## Task description
Using the data below, set down every line from the one containing "In our own usage" through the one containing "Lot of 8 bright", inclusive and unchanged. Pictures are to be skipped.

## Information shown
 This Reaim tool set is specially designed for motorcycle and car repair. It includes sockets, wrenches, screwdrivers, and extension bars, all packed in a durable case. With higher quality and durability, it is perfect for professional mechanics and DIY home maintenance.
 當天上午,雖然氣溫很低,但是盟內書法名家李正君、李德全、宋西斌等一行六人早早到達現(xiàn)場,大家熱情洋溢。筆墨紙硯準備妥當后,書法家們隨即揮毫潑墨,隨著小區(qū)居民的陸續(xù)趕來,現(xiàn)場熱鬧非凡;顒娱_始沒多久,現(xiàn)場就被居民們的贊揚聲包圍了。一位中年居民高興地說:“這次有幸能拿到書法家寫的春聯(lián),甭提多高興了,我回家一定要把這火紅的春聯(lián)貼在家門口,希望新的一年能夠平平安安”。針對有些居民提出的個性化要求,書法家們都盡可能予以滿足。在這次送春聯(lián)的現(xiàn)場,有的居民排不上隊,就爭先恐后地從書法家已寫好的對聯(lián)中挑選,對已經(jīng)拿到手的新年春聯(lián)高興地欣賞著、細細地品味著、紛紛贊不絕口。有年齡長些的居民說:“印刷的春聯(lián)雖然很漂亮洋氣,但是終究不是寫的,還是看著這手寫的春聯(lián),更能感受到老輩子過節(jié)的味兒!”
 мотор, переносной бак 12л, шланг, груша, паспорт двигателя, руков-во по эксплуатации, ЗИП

==

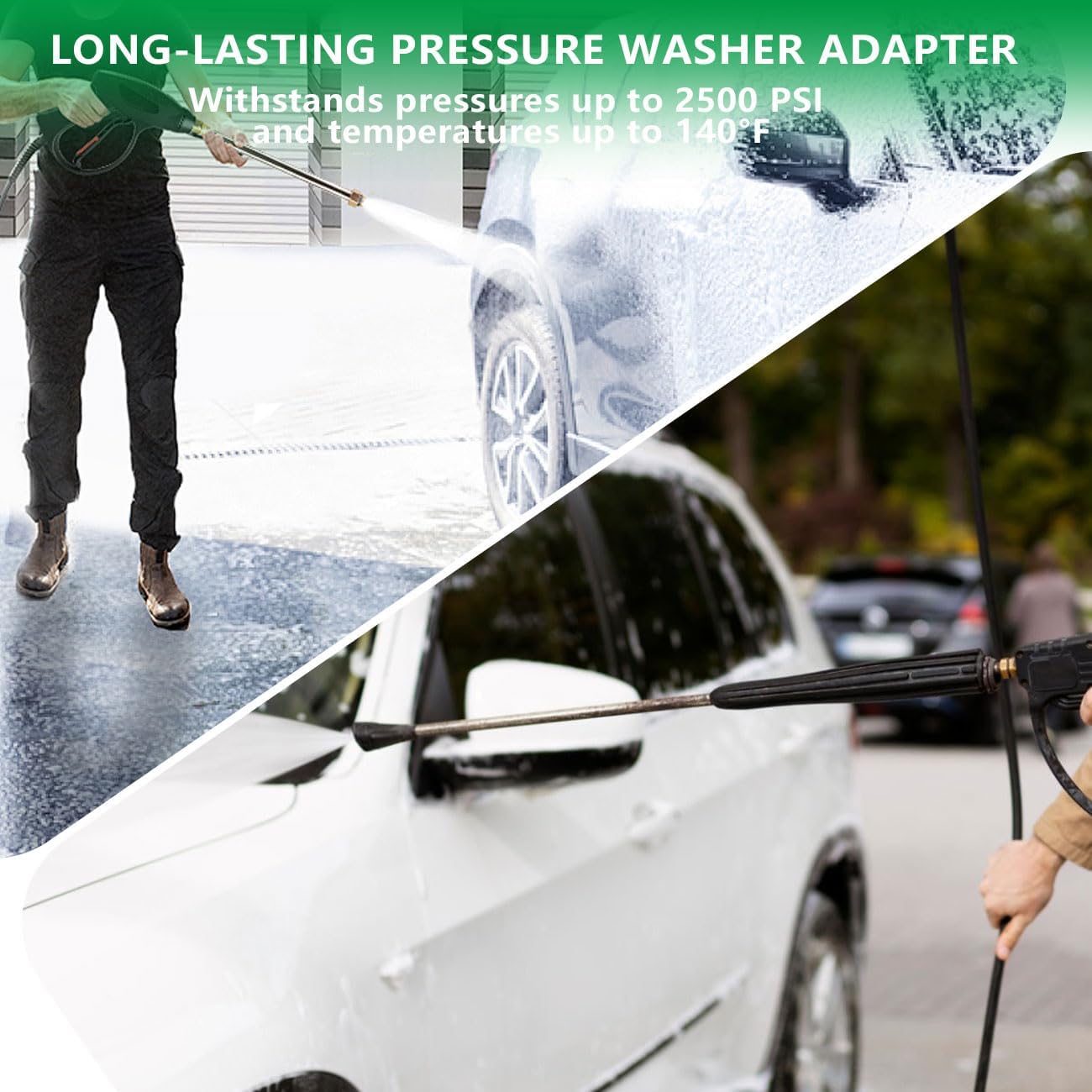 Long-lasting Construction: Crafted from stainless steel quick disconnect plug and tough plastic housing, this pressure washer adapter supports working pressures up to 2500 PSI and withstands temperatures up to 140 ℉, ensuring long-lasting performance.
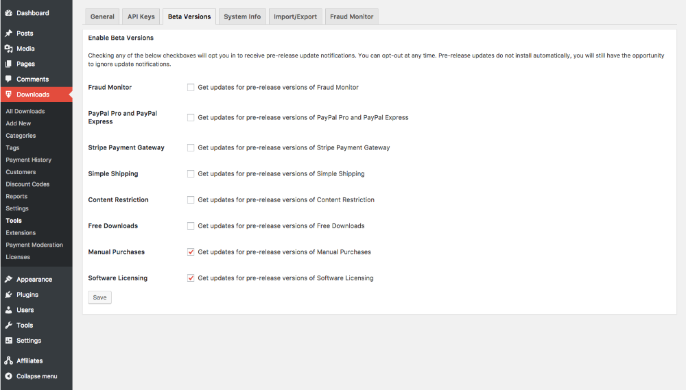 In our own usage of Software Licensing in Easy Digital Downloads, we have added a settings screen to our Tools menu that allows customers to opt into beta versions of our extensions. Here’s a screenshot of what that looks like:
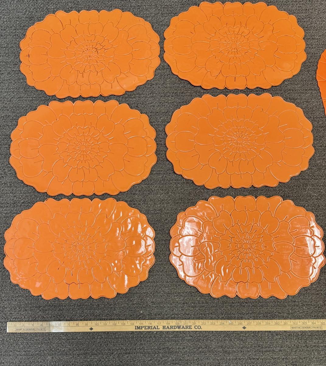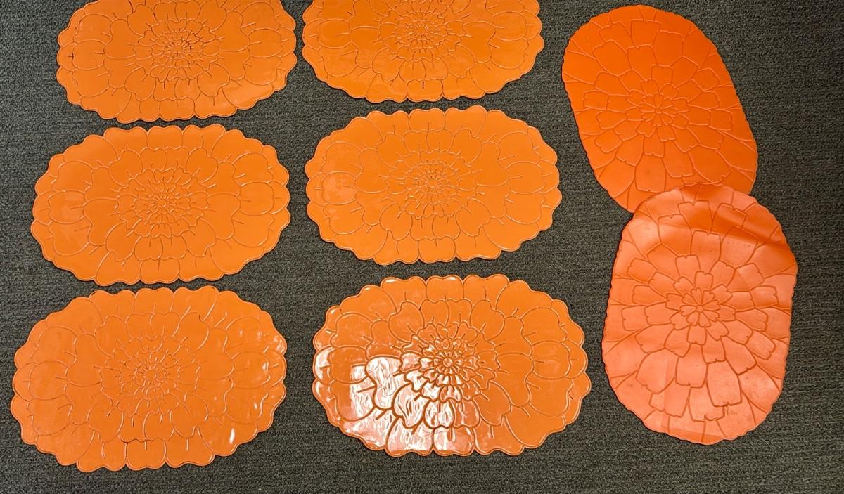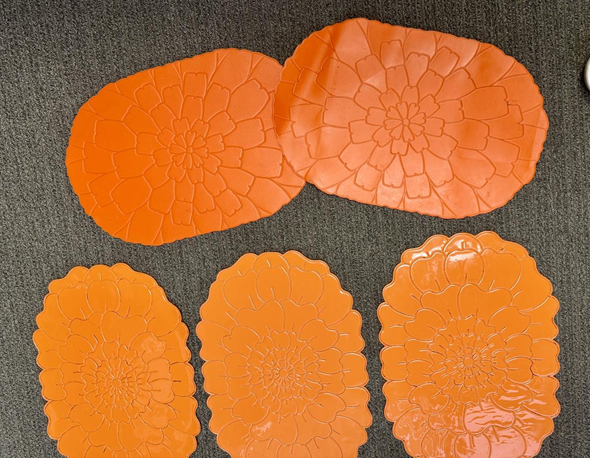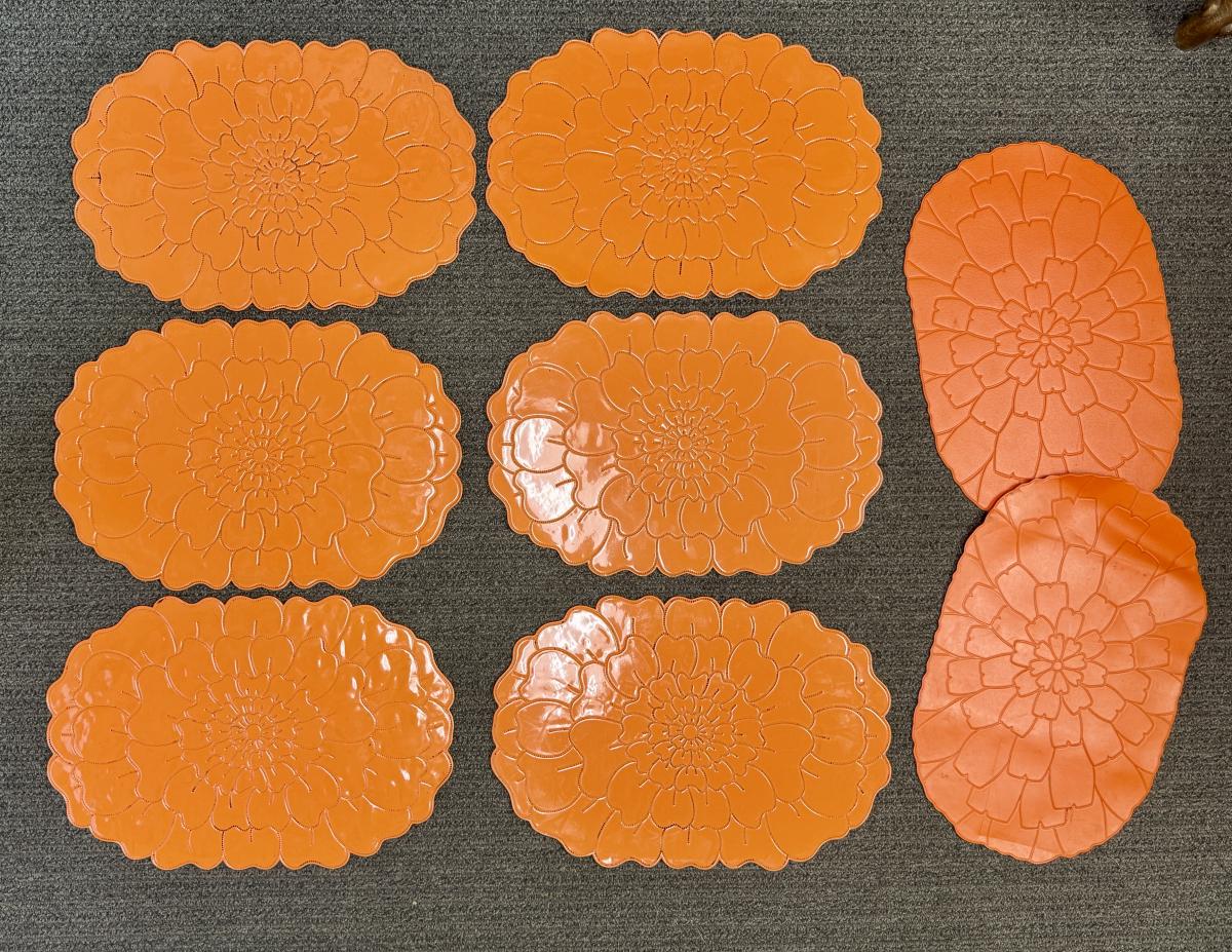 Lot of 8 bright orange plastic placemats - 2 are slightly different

## Expected output
 In our own usage of Software Licensing in Easy Digital Downloads, we have added a settings screen to our Tools menu that allows customers to opt into beta versions of our extensions. Here’s a screenshot of what that looks like:
 Lot of 8 bright orange plastic placemats - 2 are slightly different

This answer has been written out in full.